StoryInsightful

540: Saved By The Corps. From A Path of Destruction, to Success. With Ben Ingram.

Jocko Podcast3h 28m

Marine Corps veteran Ben Ingram shares his journey from a troubled childhood in rural Connecticut, through his transformative service in the Marine Corps, to building a career in aviation maintenance and ultimately founding Warriors in Need — a nonprofit that helps military veterans transition into civilian aviation careers by providing licensing support, tools, and job placement.

Summary

Jocko Willink interviews Ben Ingram, a Marine Corps veteran who grew up in Northfield, Connecticut — the same small town as Jocko — and is the brother of Jocko's classmate Heidi Ingram. Ben's early life was marked by poverty, an alcoholic and abusive father who eventually left the family, and a lack of supervision that led him down a destructive path. By age 11, he was sneaking liquor, and by 12-13 he was raiding medicine cabinets. He spent time in youth detention facilities, escaped from one, and had close encounters with heroin users, sexual predators, and hardened criminals. A pivotal moment came when he and an acquaintance were attacked on a dark road by two men, leading Ben to shoot one of his attackers in self-defense. The judge dismissed the case, ruling it self-defense, and told Ben he should join the military or face worse consequences next time.

At 20, Ben enlisted in the Marine Corps in 1992, largely inspired by seeing his friend's brother-in-law Pete Basarini in dress blues. Despite a troubled record, he obtained waivers, passed his GED and ASVAB, and shipped to Parris Island. He thrived in boot camp, serving as platoon guide despite a stress fracture that nearly derailed his graduation. He went on to aviation ordnance school, was redirected to helicopter mechanics, and ultimately became a CH-46 Sea Knight crew chief — a role he loved deeply.
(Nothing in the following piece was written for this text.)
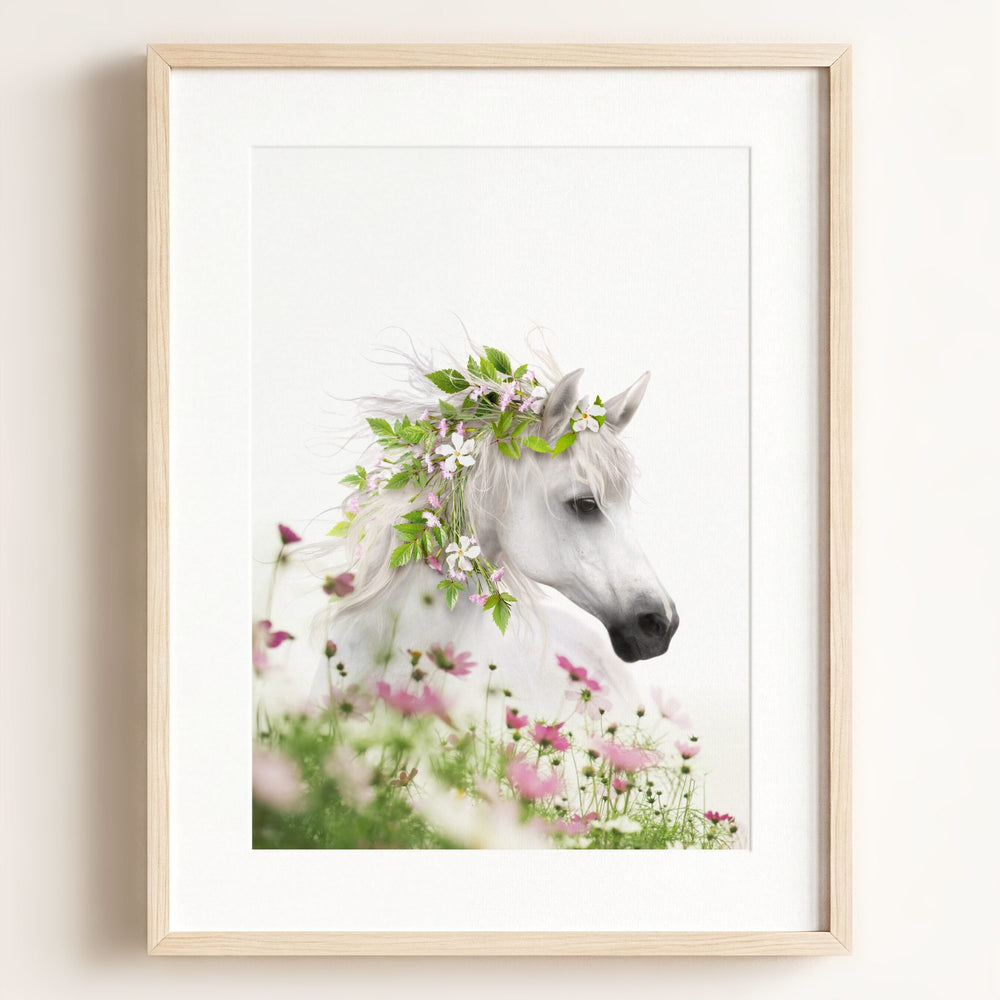 Horse with Flower Crown and Wildflowers

He deployed aboard the USS Essex in 1994, participating in operations off Kuwait and Somalia, including the United Shield evacuation. During the deployment, he witnessed the death of a fellow Marine in a helicopter crash off the ship's side and the loss of a Harrier pilot, both of which left lasting impressions.

After leaving the Marine Corps when his MOS was closed due to the transition to the Osprey, Ben transitioned to civilian aviation. He obtained his FAA Airframe and Powerplant (A&P) license by leveraging his military experience, and built a career that included working at Martin Aviation, Trans Exec (managing the world's largest private Gulfstream fleet), and later as a Director of Maintenance for Solaris Aviation managing $100 million in aircraft assets. He also worked for the Navy Department of Defense for eight years doing airborne optical tracking of missile launches and space shuttle reentry imaging.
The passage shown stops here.